§ Recorded data:
════════
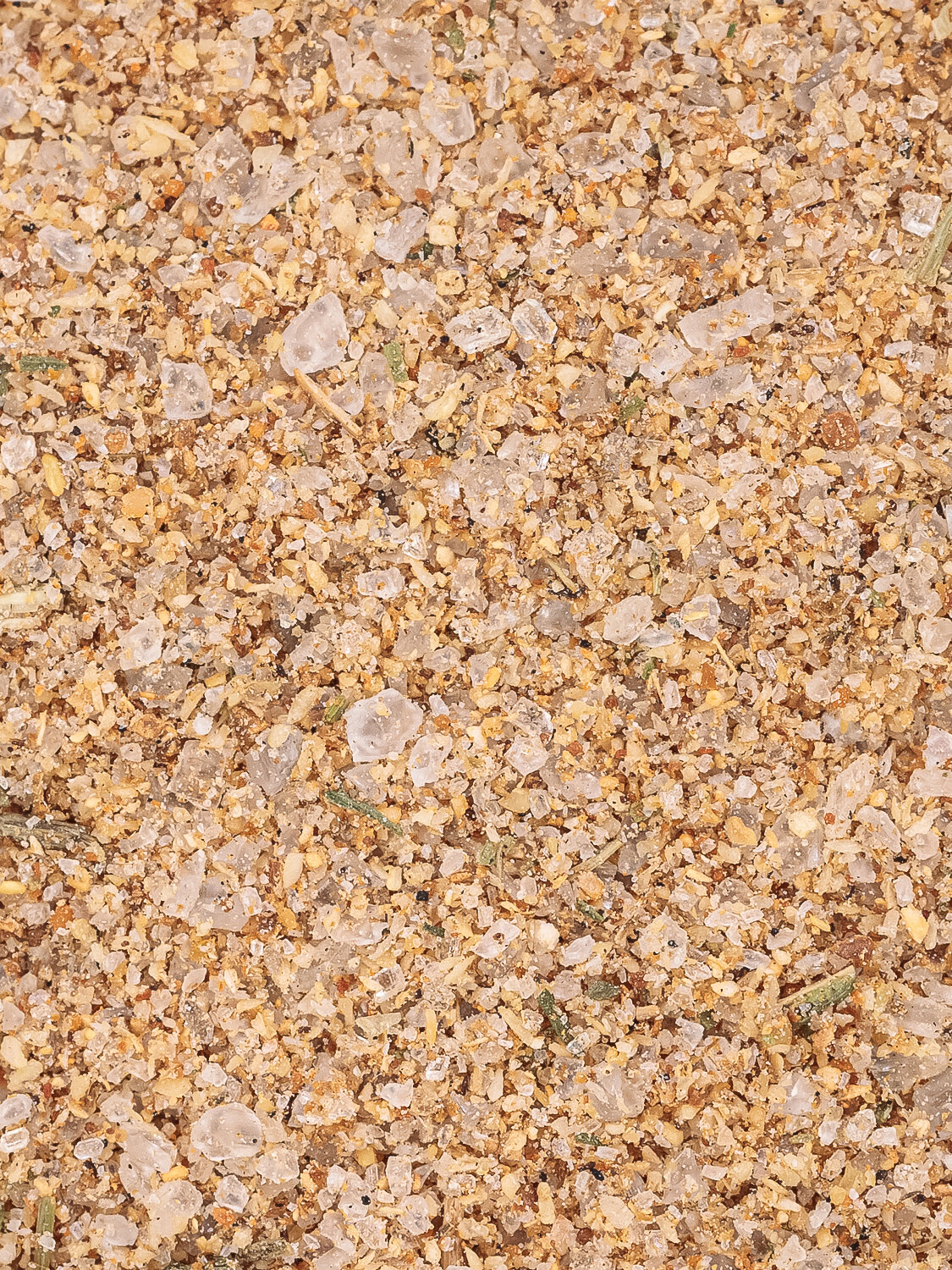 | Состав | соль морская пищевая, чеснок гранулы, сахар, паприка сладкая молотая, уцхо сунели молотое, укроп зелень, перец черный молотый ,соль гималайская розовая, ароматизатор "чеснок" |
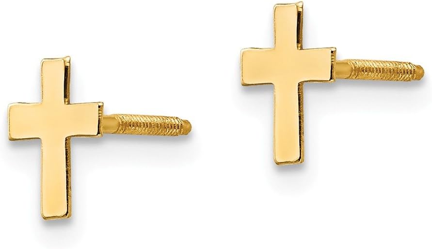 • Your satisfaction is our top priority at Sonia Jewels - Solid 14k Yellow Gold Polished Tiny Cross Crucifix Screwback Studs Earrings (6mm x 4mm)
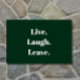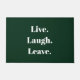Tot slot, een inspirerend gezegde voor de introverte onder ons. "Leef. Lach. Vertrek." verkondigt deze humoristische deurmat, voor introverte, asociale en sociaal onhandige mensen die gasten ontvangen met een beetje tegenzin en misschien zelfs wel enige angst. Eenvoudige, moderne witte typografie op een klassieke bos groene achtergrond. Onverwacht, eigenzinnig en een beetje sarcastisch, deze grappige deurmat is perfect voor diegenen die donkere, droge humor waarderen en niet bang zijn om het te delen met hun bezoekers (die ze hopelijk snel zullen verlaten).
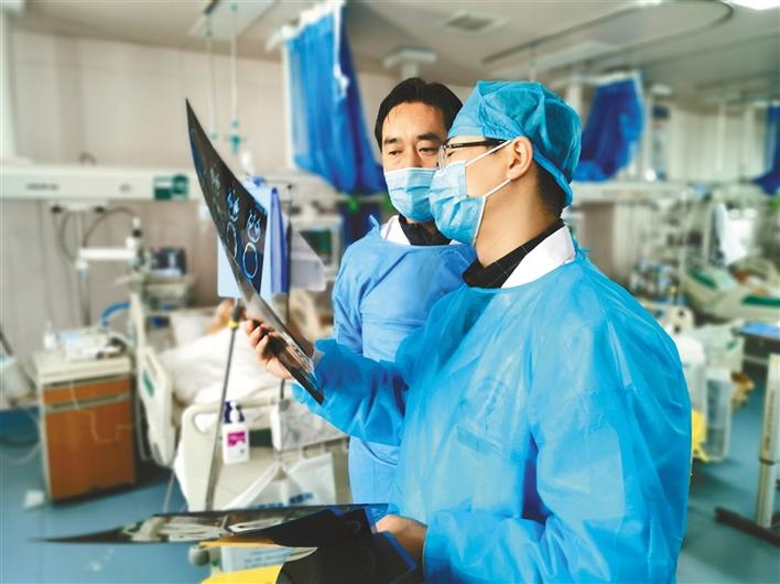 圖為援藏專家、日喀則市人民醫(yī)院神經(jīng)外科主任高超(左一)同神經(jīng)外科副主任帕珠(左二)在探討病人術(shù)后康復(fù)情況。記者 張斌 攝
════════
§ Task goal:
Omit all pictures, and repeat exactly the lines from the line containing "(6mm x 4mm)" through the end of the data.

§ Result below:
 • Your satisfaction is our top priority at Sonia Jewels - Solid 14k Yellow Gold Polished Tiny Cross Crucifix Screwback Studs Earrings (6mm x 4mm)
Tot slot, een inspirerend gezegde voor de introverte onder ons. "Leef. Lach. Vertrek." verkondigt deze humoristische deurmat, voor introverte, asociale en sociaal onhandige mensen die gasten ontvangen met een beetje tegenzin en misschien zelfs wel enige angst. Eenvoudige, moderne witte typografie op een klassieke bos groene achtergrond. Onverwacht, eigenzinnig en een beetje sarcastisch, deze grappige deurmat is perfect voor diegenen die donkere, droge humor waarderen en niet bang zijn om het te delen met hun bezoekers (die ze hopelijk snel zullen verlaten).
 圖為援藏專家、日喀則市人民醫(yī)院神經(jīng)外科主任高超(左一)同神經(jīng)外科副主任帕珠(左二)在探討病人術(shù)后康復(fù)情況。記者 張斌 攝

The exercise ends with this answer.